For the purpose of the Vigil is to teach that the God who “created humankind in his image,” set a bow in the clouds as a sign, brought Israel out of slavery into freedom, is the God who was with us when we were baptized into new life in Jesus Christ. This liturgy teaches was Jesus put succinctly on the night before he died, “I will not leave you comfortless, I will come to you.” You may be alone in your home or gathered with a few family members, but you are not alone. You are connected to the creator of all that is and loved by a savior who would not give up on that love even when the price was death on a cross.

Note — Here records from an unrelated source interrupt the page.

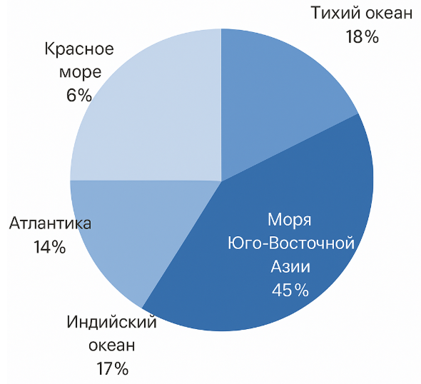 Добавить текст Вернуть оригиналСледовательно, регионы, такие как Моря Юго-Восточной Азии, имеют наиболее благоприятные условия (тёплые мелководья, богатые солнечным светом), что объясняет их долю в 45%.
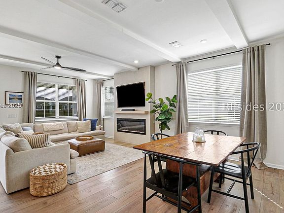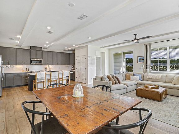 Experience the best of Lowcountry living in this beautifully customized 2022 Palmera II home, perfectly positioned in the highly sought-after Lakes at New Riverside community. Inside, this 4bed/3 bath single level home offers a flexible layout, high-end finishes, and numerous upgrades that elevate its charm and livability. The open-concept kitchen features upgraded cabinetry, quartz countertops, a gas range, and an oversized island overlooking a spacious great room with custom beams, an electric fireplace, and shiplap detailing. The adjoining screened patio provides the perfect spot for entertaining or relaxing year-round.The luxurious owner's suite offers a spa-style bath with dual vanities, a walk-in shower, and a large walk-in closet. A private home office provides an ideal space for remote work or study, while the standout feature - The EXTRA SUITE- includes a kitchenette, full bath, and private entrance from the covered front porch, offering the perfect setup for multi-generational living or extended guests. Custom improvements and designer details throughout include: Extended paver driveway, fenced backyard, Ceiling beams, upgraded trim work, Board-and-batten accents in entry and primary suite, a redesigned laundry room with new cabinetry, tile flooring, and countertops, Bathroom upgrades with Roman clay textured finishes, shiplap walls, and new lighting. Less than a five-minute walk to the neighborhood pool, pickleball courts, playground, and miles of scenic walking and biking trails, this property blends modern design with a warm, family-friendly lifestyle. Located within Bluffton's thriving New Riverside corridor, residents enjoy the perfect balance of peace and connectivity - just minutes from Palmetto Bluff, Historic Old Town Bluffton, Hilton Head Island beaches, Savannah GA, and local airports. Surrounded by preserved green space, top-rated schools, and growing retail and dining options, this master-planned community was designed for those who value both convenience and a slower-paced, outdoor lifestyle. Combining community amenities, a thoughtful floor plan, and modern Lowcountry design, this home captures the lifestyle, value, and charm that make Bluffton so special and present a rare opportunity to own a move-in-ready home, within Bluffton's fastest-growing and most desirable areas.
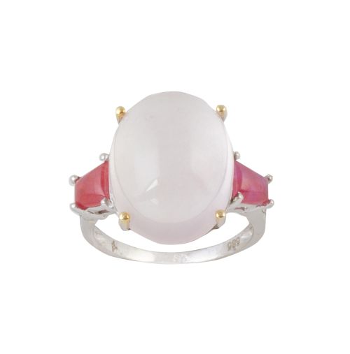 Sortija con cabuchón de cuarzo rosa flanqueado por rubíes talla trapecio y pequeñas parejas de brillantes
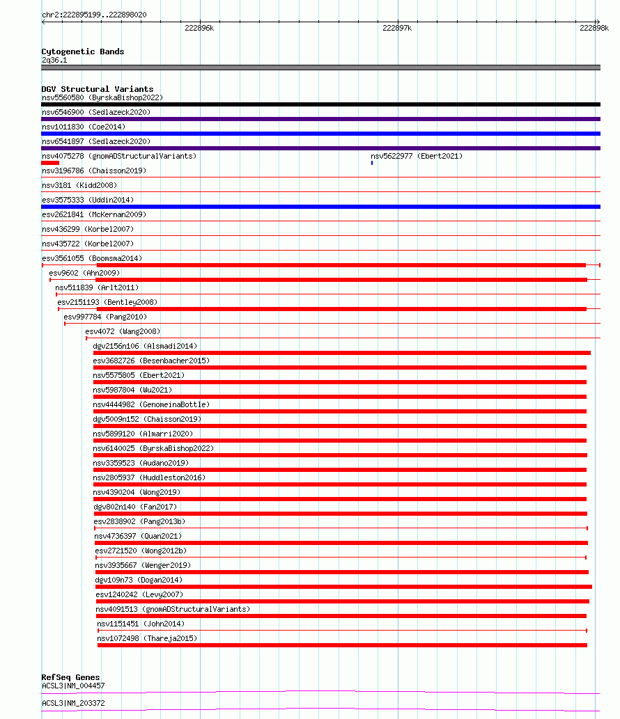 Variant DetailsVariant: esv3561055| Internal ID | 18762131 | | Landmark | | | Location Information | | | Cytoband | 2q36.1 | | Allele length | | Assembly | Allele length | | hg38 | 2822 | | hg19 | 2822 |
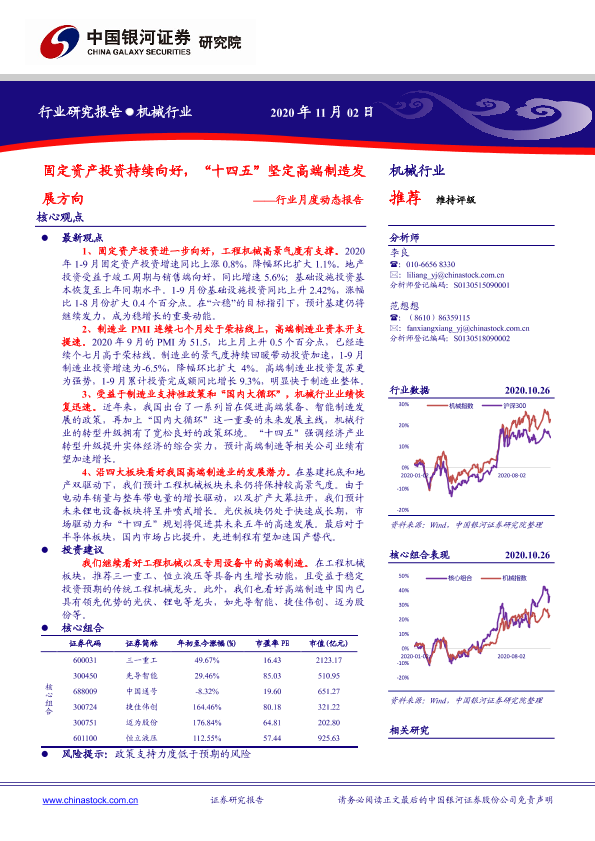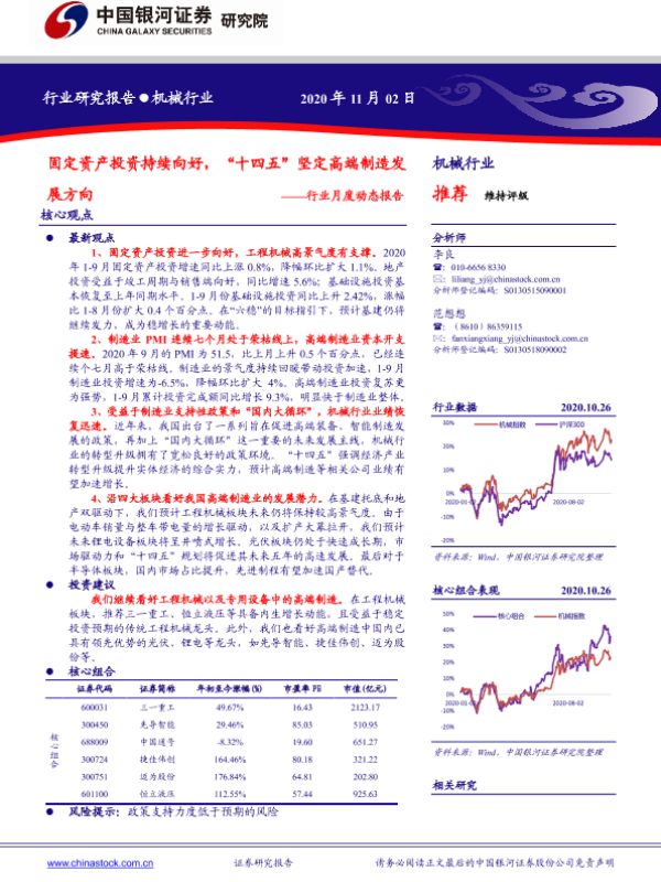 【银河证券】【20201102】20201102-中国银河-机械行业月度动态报告:固定资产投资持续向好,“十四五”坚定高端制造发展方向-30页
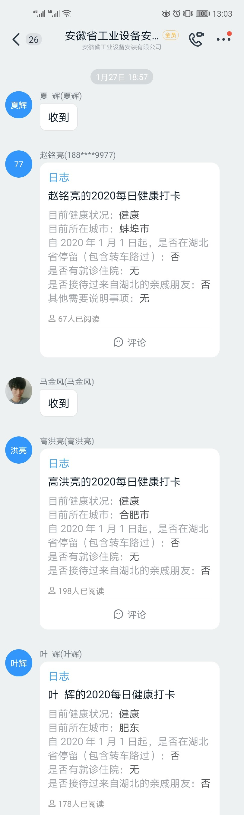 1月27日(大年初三),公司下發《安徽安裝公司關于做好新型冠狀病毒肺炎疫情工作的防控措施》,全體員工每日在釘釘日志專項報告當日去向及身體狀況,各分公司、各部門認真做好登記,確保信息及時準確,時刻密切關注員工的身體健康狀況。

The same Holy Spirit who spoke to the hearts of Ignatius and Perpetua in with you this night. For this is the Passover of the Lord, when Jesus passed from death to life to show us the way through faith in him.

We have every reason to be prudent and to stay safe and keep all we can well. But we need not be afraid.

For as the great preacher of the third century John Chrysostom wrote in the Easter sermon read at every Orthodox Church Easter Vigil to this day,

“You who have kept the fast, and you who have not, rejoice, this day, for the table is bountifully

spread! Feast royally, for the calf is fatted. Let no one go away hungry. Partake, all, of the banquet of faith.

Enjoy the bounty of the Lord’s goodness!

Let no one grieve being poor, for the universal reign has been revealed.

Let no one lament persistent failings, for forgiveness has risen from the grave.

Let no one fear death, for the death of our Savior has set us free.

The Lord has destroyed death by enduring it.

The Lord has vanquished hell when he descended into it….

For Christ, having risen from the dead, is become the first-fruits of those who have fallen asleep.

To Christ be glory and power forever and ever. Amen!